Data listing Block Start
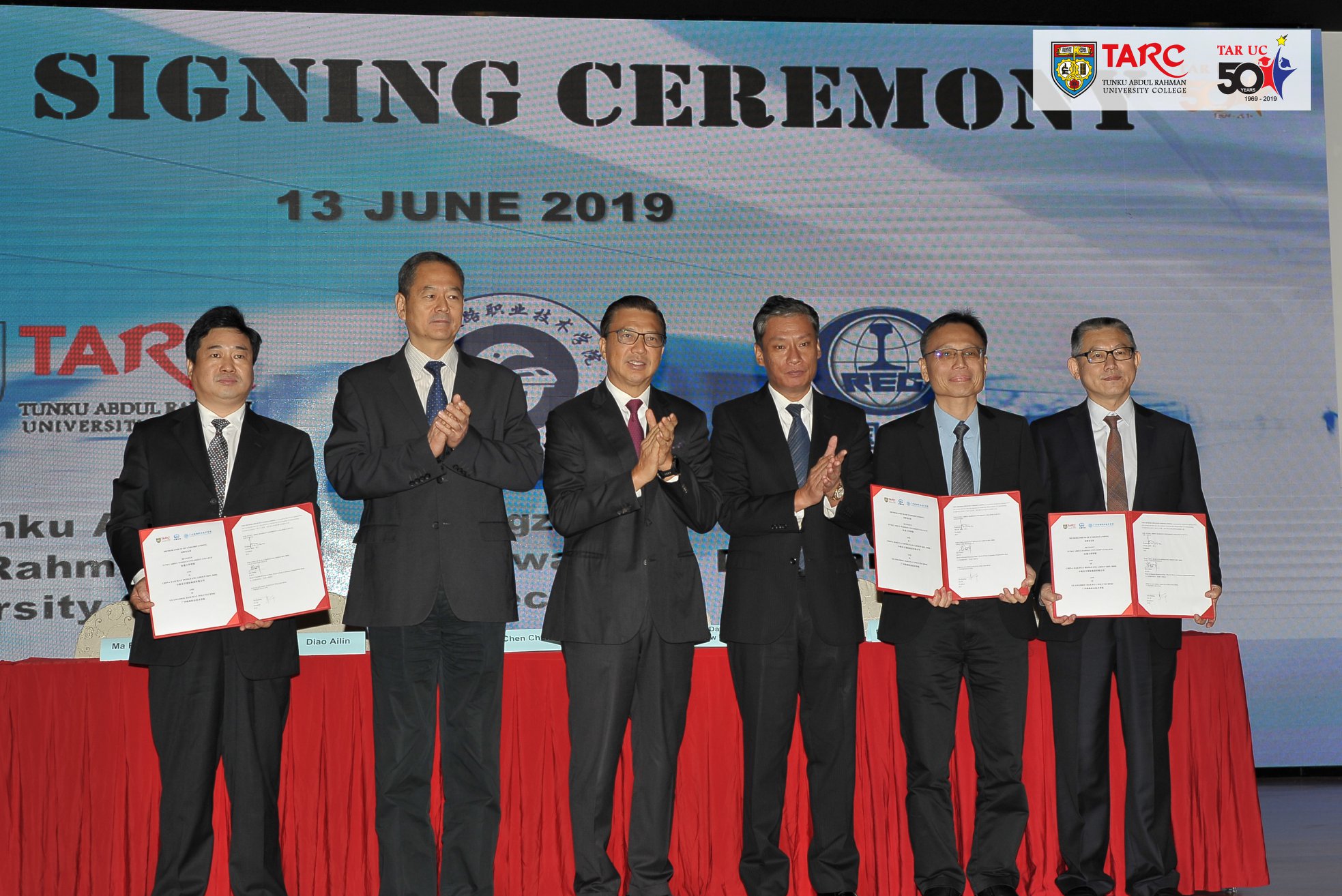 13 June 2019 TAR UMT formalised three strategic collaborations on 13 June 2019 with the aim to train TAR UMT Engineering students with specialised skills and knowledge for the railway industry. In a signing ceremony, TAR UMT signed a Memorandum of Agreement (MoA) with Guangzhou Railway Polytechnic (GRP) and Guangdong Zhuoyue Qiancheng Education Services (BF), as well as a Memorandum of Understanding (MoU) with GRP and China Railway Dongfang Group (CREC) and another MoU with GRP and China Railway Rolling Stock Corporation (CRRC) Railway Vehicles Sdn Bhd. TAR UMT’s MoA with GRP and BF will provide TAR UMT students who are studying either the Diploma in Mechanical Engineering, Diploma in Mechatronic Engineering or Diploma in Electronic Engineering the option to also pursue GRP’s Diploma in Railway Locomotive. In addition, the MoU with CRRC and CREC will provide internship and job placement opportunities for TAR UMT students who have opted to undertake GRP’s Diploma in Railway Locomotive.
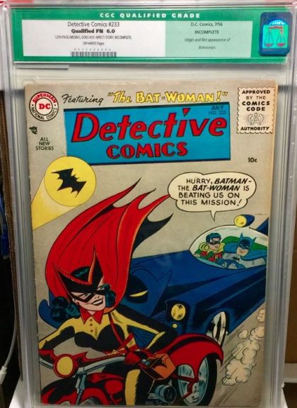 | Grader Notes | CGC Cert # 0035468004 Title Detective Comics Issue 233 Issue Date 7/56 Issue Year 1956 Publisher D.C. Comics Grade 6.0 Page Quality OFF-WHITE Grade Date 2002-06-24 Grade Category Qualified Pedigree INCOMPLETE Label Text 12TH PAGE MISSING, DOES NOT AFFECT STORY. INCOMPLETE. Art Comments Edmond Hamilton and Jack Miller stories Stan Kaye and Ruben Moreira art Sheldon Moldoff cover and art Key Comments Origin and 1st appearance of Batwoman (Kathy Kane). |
Data listing Block End
Data listing Block Start
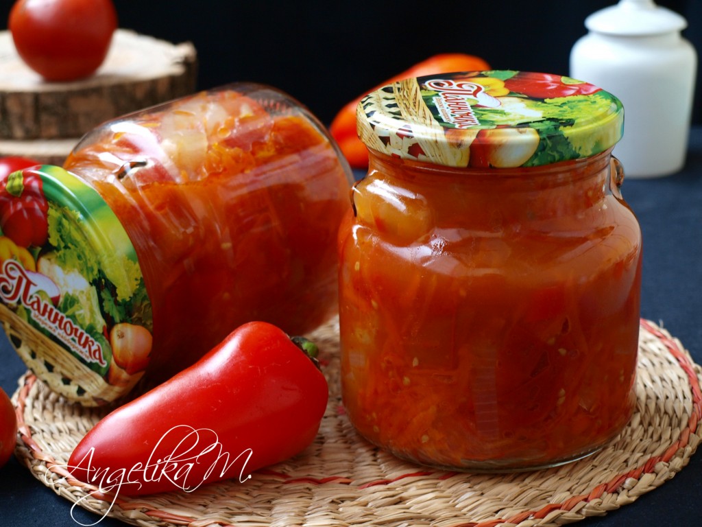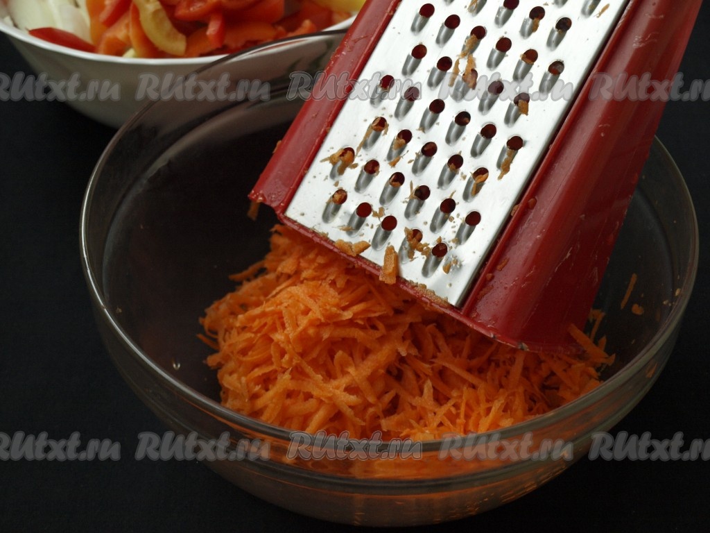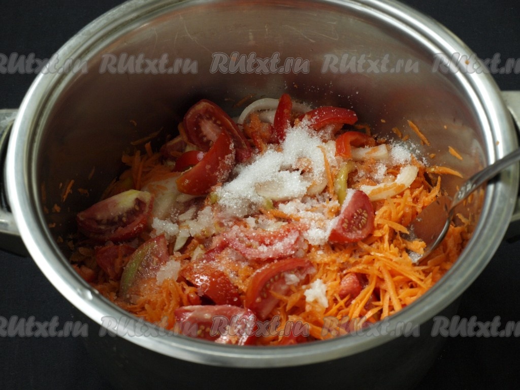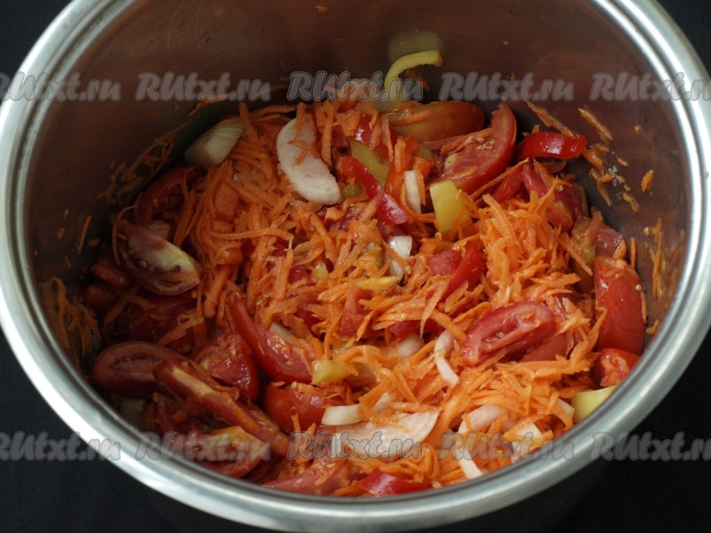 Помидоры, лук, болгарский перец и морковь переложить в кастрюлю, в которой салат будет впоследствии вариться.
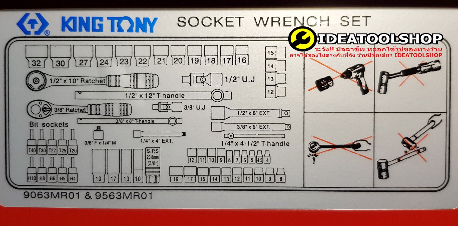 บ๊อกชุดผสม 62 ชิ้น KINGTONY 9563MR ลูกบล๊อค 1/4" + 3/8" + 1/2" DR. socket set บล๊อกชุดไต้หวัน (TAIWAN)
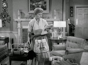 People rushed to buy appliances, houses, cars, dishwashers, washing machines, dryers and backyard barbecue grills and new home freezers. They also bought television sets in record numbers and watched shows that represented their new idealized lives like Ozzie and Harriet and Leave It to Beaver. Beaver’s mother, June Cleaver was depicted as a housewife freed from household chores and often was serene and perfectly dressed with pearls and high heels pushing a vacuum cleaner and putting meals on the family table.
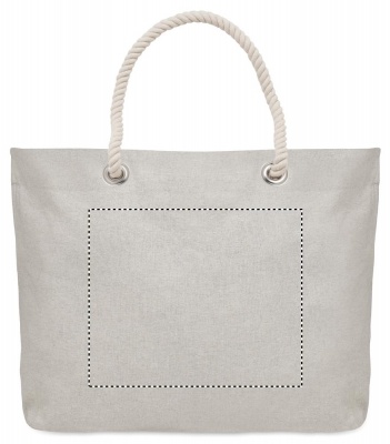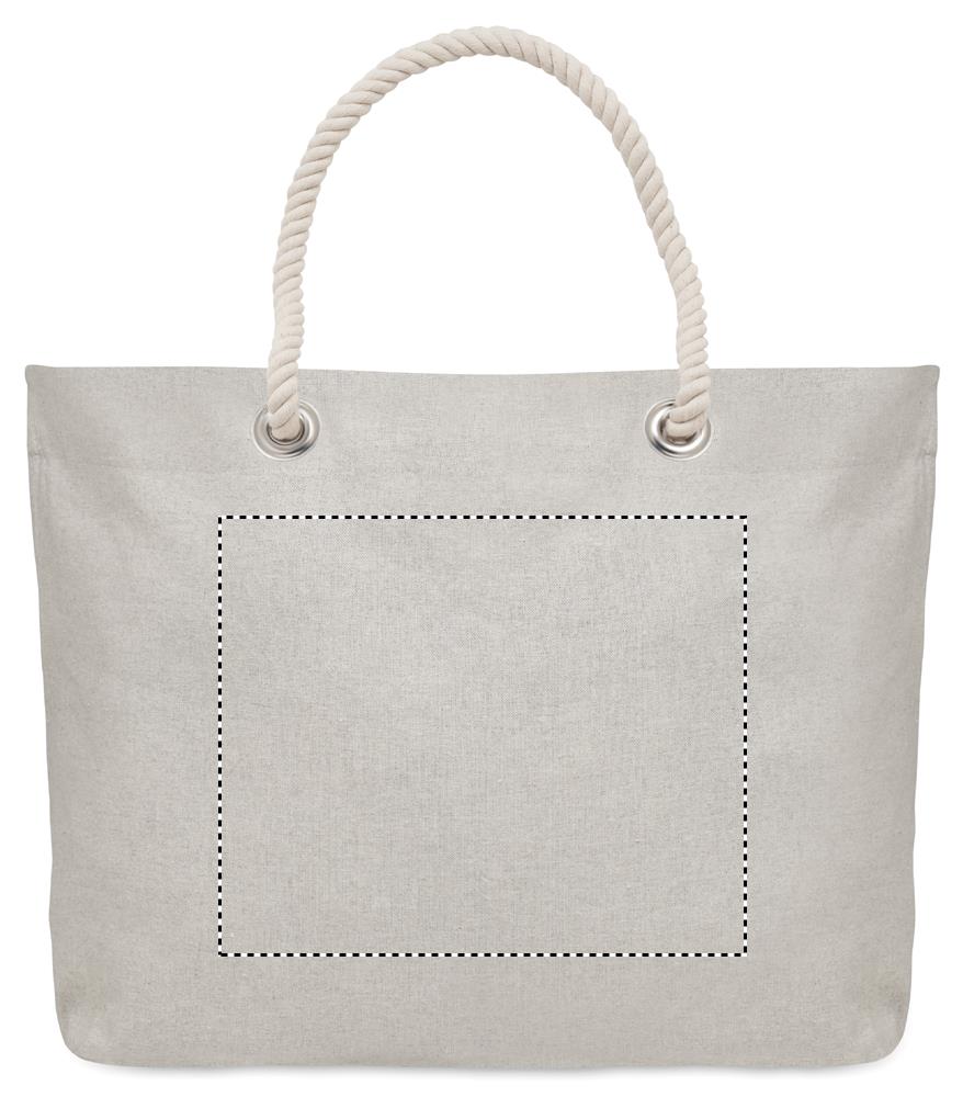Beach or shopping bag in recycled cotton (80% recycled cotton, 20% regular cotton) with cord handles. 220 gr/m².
Data listing Block End
Starting at the line above with "บ๊อกชุดผสม 62 ชิ้น", output every line exactly up to and including the line with "Beach or shopping", but none of the pictures.

 บ๊อกชุดผสม 62 ชิ้น KINGTONY 9563MR ลูกบล๊อค 1/4" + 3/8" + 1/2" DR. socket set บล๊อกชุดไต้หวัน (TAIWAN)
 People rushed to buy appliances, houses, cars, dishwashers, washing machines, dryers and backyard barbecue grills and new home freezers. They also bought television sets in record numbers and watched shows that represented their new idealized lives like Ozzie and Harriet and Leave It to Beaver. Beaver’s mother, June Cleaver was depicted as a housewife freed from household chores and often was serene and perfectly dressed with pearls and high heels pushing a vacuum cleaner and putting meals on the family table.
Beach or shopping bag in recycled cotton (80% recycled cotton, 20% regular cotton) with cord handles. 220 gr/m².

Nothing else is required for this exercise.